### Exercise requirements
Starting at the line that holds "Women’s Philadelphia Phillies" and stopping at the line that holds "Silver Toned Etched", restate the records below word for word, with both of those lines included.

### Supplied data
========================================
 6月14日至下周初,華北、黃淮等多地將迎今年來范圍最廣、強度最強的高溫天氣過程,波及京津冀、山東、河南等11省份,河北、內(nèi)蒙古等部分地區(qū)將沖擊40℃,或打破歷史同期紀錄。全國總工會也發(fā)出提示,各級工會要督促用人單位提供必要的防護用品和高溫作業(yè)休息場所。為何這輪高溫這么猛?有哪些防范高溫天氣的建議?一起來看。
========================================
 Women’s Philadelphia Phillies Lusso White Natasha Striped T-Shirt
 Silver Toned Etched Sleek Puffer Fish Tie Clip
========================================
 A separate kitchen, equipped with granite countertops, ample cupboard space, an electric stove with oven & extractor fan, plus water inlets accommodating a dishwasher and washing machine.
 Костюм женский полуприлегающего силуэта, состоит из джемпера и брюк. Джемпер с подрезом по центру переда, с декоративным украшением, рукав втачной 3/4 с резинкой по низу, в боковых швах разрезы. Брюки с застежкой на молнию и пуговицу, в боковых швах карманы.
========================================
### Answer space
 Women’s Philadelphia Phillies Lusso White Natasha Striped T-Shirt
 Silver Toned Etched Sleek Puffer Fish Tie Clip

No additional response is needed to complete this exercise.